学校が終わってから、俺はいつもの本屋で時間を潰していた。
「私美術部なんだよねぇ~。悪いんだけど、語りまくるのは部活終わってからね!」なんて事を言われ、暇を持て余していたわけである。
俺は、相変わらずいつもの本屋の漫画・ラノベコーナーにいた。
暇だと大体ここに生息している。俺の生息分布図を作るならここだと思う。それと、いい加減店員に顔を覚えられて何らかのリストに載っているかもしれない。
コーナーの一か所。平積みにされた商品には、昨日と何も変わらず軒並みアニメ化の帯が巻かれていた。
正直、アニメ化された作品なら、アニメを見てから原作を買おうかなと迷う時もある。が、しかし俺は知っている。アニメでつまらないなら原作も大した事ねぇだろ、とか思っていると、意外とそうでもない事を。
何やら大人の事情で、修正だの改変だのいじくられ、アニメでは散々になってしまう事もある。成仏しきれない怨念とも名付けたいような、悲しき漫画や小説の霊が、往々にしてこの辺に漂っていることだろう。
原作を読んでみると、あの声優の起用は間違っていたんじゃないかとか、山場はあそこじゃなくね? とか、ここの大事なシーンカットしたのかよとか、残酷な現実を目の当たりにする事も多々ある。ファンとしても、それは涙の枯れる想いである。嗚呼、合掌合掌。

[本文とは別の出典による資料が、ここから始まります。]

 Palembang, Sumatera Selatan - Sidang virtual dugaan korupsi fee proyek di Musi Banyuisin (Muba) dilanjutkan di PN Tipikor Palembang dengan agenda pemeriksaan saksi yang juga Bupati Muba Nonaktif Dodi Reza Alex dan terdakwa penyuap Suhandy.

そんな弔いの言葉をぼんやり考えて、そのコーナーを物色していた。
ふと、気になってスマホの時計を確認してみると、もう良い時間だった。
喫茶店集合ってことで、大体の時間は決めていた。
俺は、その本屋から指定の喫茶店に移動し、先に田辺を待っている事にした。
喫茶店には他の客が一人もいなかった。店員も席を外しているのか、カウンターの中にも人影はなかった。

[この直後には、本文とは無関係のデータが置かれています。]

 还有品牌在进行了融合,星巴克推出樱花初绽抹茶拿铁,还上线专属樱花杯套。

話し声一つ聞こえない空間に、スウィング系の音楽が延々流れている。
貸し切り状態で、どこでも好きな席を選んでいいらしい。
とりあえず、隅っこから一つ隣の、窓が近い席に座ることにした。近くに背の高い観葉植物がとんとんとん、と三つ置いてあるおかげで、若干目隠しになっている席だ。
結構落ち着けるな。うん、良い席。
だが座って数分もしないうちに、お店に田辺がやってきた。
早いな。本屋で時間を調整していたのは俺自身だが、ここまでピッタリだと若干ストーキングを疑いたくなるぞ。